Oh, the horror! Teenagers get zits! Can’t have that, everyone knows that Hollywood stars are beautiful, perfect, wise, all-knowing, and altruistic. Just ask Sean Penn.
Magazines, trade newspapers, regular newspapers, news programs, TV shows, even an entire network, all dedicated to reporting breathlessly on what these people are doing, 24 hours a day, seven days a week, three hundred sixty five and one-quarter days per year. Papparazzi chronicling who is doing what with whom at whichever secluded getaway. And this guy’s finally tripped out by digital zit elimination.
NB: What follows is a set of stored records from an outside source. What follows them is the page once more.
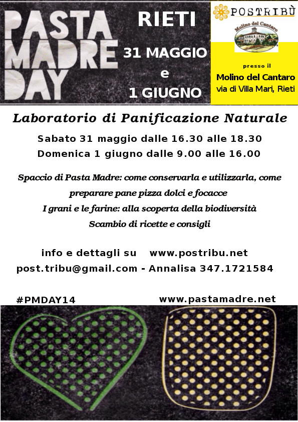 Il 31 maggio e 1 giugno Postribù è lieta di invitarvi al laboratorio di panificazione naturale, che si svolgerà in occasione del “Pasta Madre Day” (31/05/2014), evento che coinvolge tutta l’italia nello “spaccio” di pasta madre e la diffusione di notizie e pratiche sul fare il pane in casa.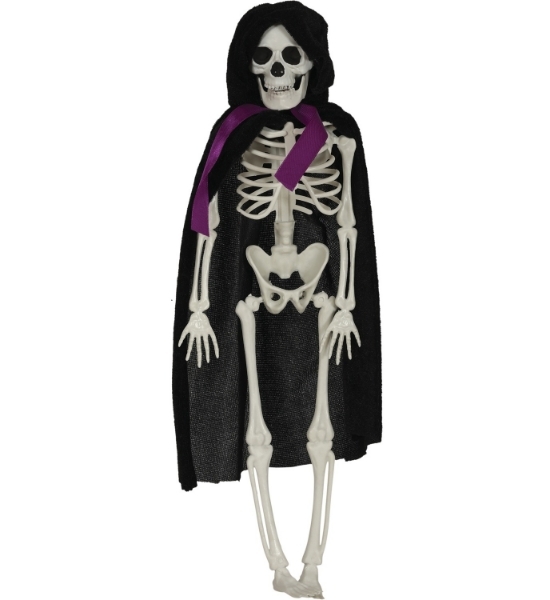 Visící kostlivec ženich je originální dekorace, která vnese do vaší halloweenské výzdoby pořádnou dávku hororové romantiky. Díky černému plášti s kapucí a fialové stuze působí jako temný ženich ze záhrobí. S výškou 43 cm je ideální k zavěšení do oken, na dveře nebo na zahradní stromy. Nejlépe vynikne v kombinaci s kostlivou nevěstou, kdy spolu vytvoří strašidelný svatební pár, který upoutá každého hosta. Perfektní doplněk na Halloween party, hororové večírky i tematické akce.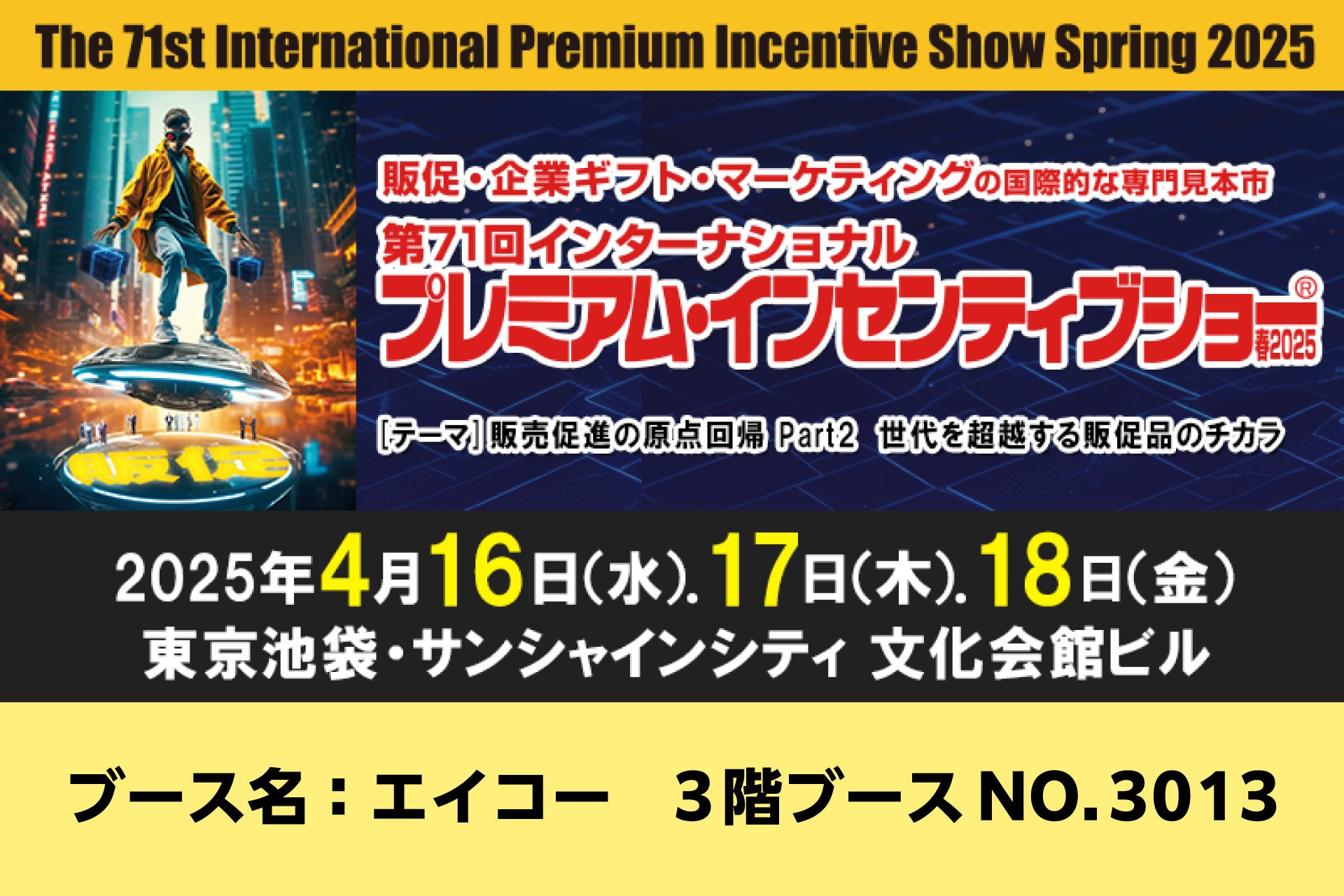 株式会社エイコー(本社:東京都墨田区)は、 2025年4月16日(水)〜4月18日(金)に東京池袋・サンシャインシティ 文化会館ビル コンベンションセンターにて開催される、販促・企業ギフト・マーケティングの国際的な専門見本市「第71回インターナショナルプレミアム・インセンティブショー春2025」(主催:株式会社ビジネスガイド社)に出展することをお知らせいたします。
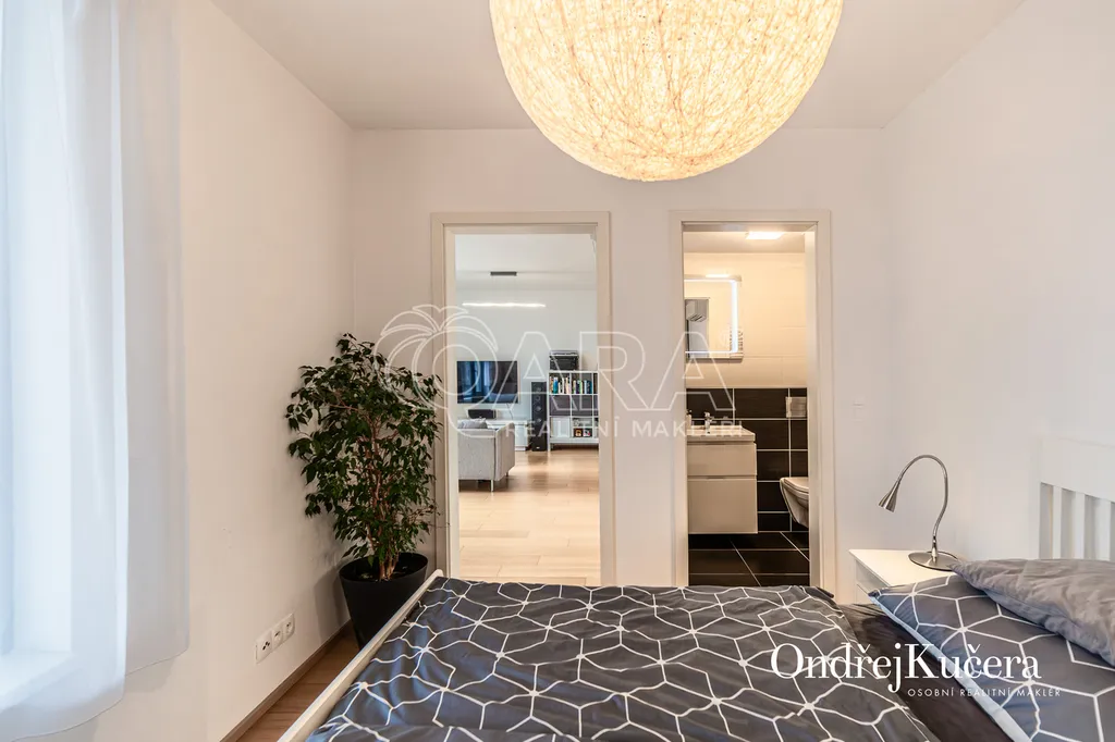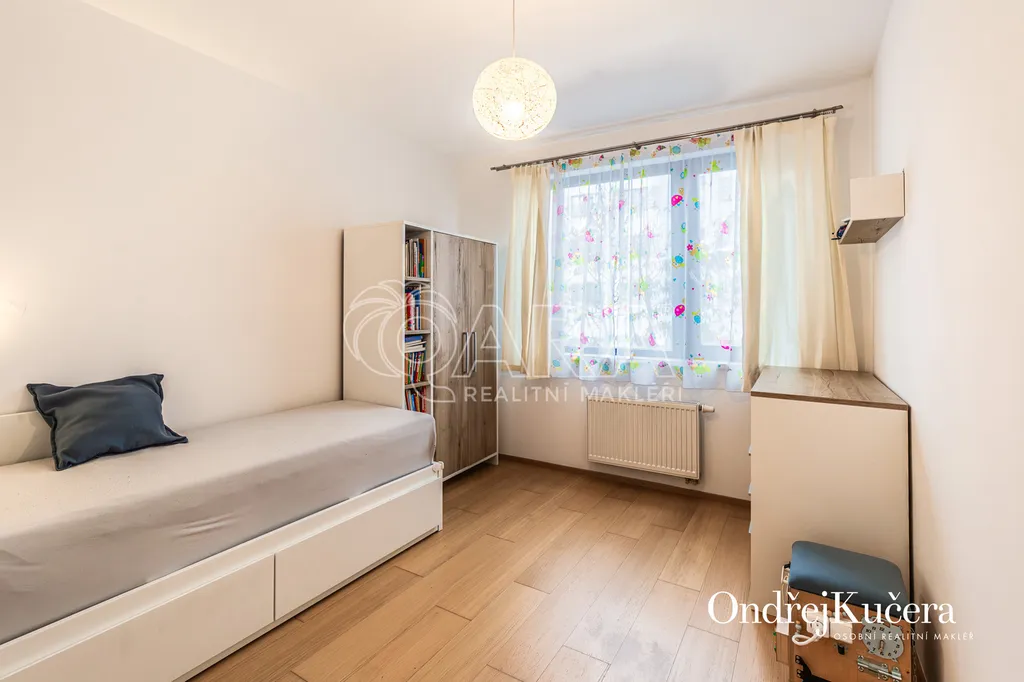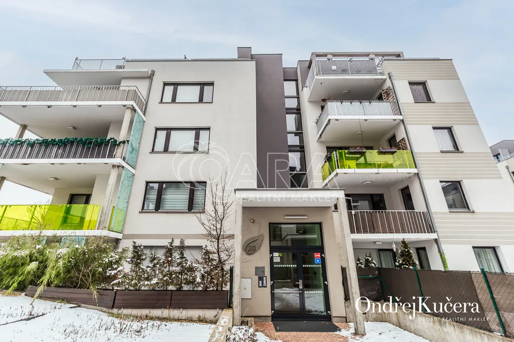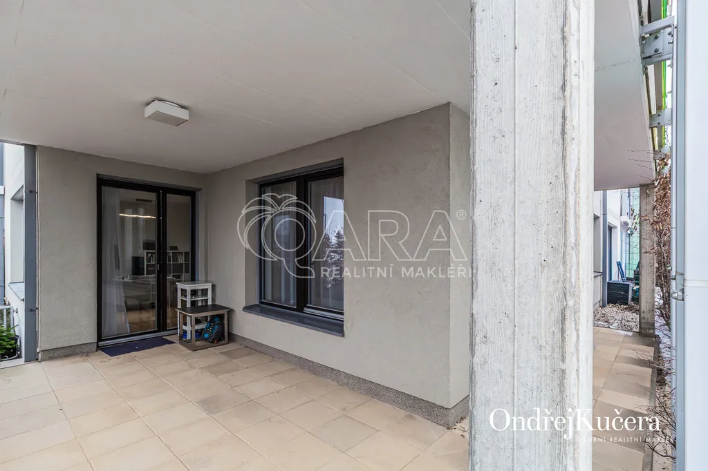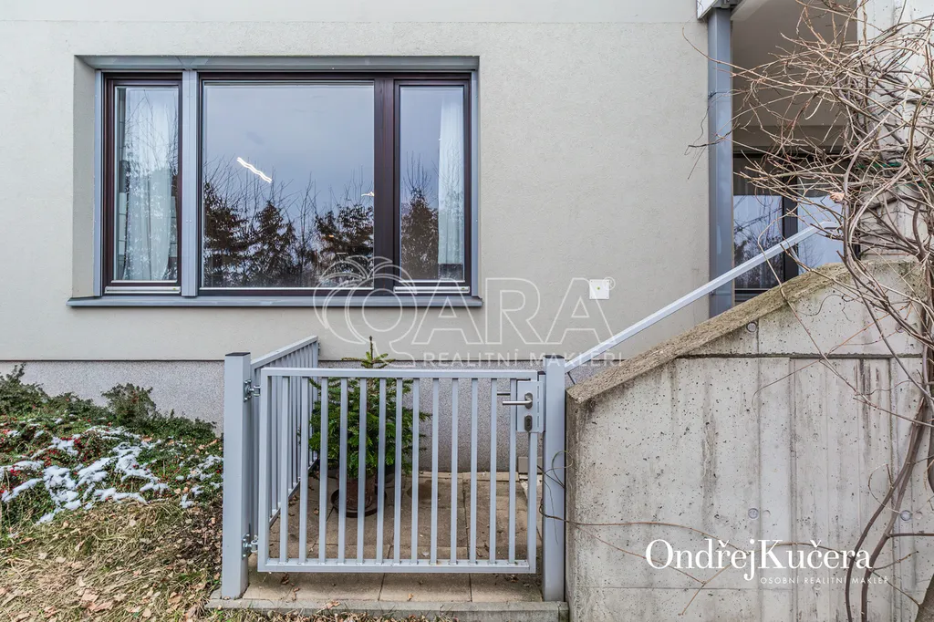 Tento byt o ploše 100 m2 a s celkovou výměrou 188 m2 včetně příslušenství (bez sklepa a garážových stání) se nachází ve zvýšeném přízemí nízkoenergetické novostavby z roku 2017. Je vybavený klimatizací pro komfortní bydlení. Dominantou bytu je světlý obývací pokoj s plně vybaveným kuchyňským koutem a prakticky umístěným ostrůvkem na práci i vaření. Na něj navazuje hlavní ložnice, která má vlastní koupelnu s toaletou a sprchovým koutem. Další dva samostatné pokoje jsou v zadní části bytu a lze je využít jako dětské pokoje, pracovnu nebo pokoj pro hosty. Hlavní terasa obklopuje celý byt a je přístupná z několika pokojů. Z terasy je dále vstup na soukromou zahradu. Díky velkým oknům a přímému vstupu na terasu a zahradu je prostor krásně vzdušný a světlý. Po vstupu do bytu vás přivítá prostorná předsíň s místem pro vestavěné skříně. Hned u vstupu je prakticky umístěna druhá samostatná toaleta. Další koupelna s vanou je pak v zadní části bytu, kde se nachází i prostorná komora. K bytu také náleží prostorný sklep 4,4 m2 a dvě parkovací stání v suterénu domu s kamerovým systémem.

You know what trips me out? The realization that if I’d seen zits on any of the stars during the movie, it would have been quite jarring. It would be like that scene in the first Indiana Jones movie where Bellaq (the French archeologist) and Jones are jawing at each other over a bazooka, when a fly suddenly lands on Bellaq’s lip — and gets eaten, apparently unnoticed. It totally breaks the viewer out of the movie to see that. I mean, come on! The Germans didn’t have bazookas in the first place, and they didn’t even have panzerfausts until ’42! (Heh. Gotcha.)
It’s not that teens don’t get zits…. it’s that Hollywood and the cosmetic industry have conspired to “digitally erase” them from our zeitgeist. Mundanes like you or I get zits. Not people we see on the big (or small) screen, or in the magazines, or on billboards (except those advertising zit removal, of course).
Sad, to realize our reality is so distorted by a bunch of Film Actor’s Guild types.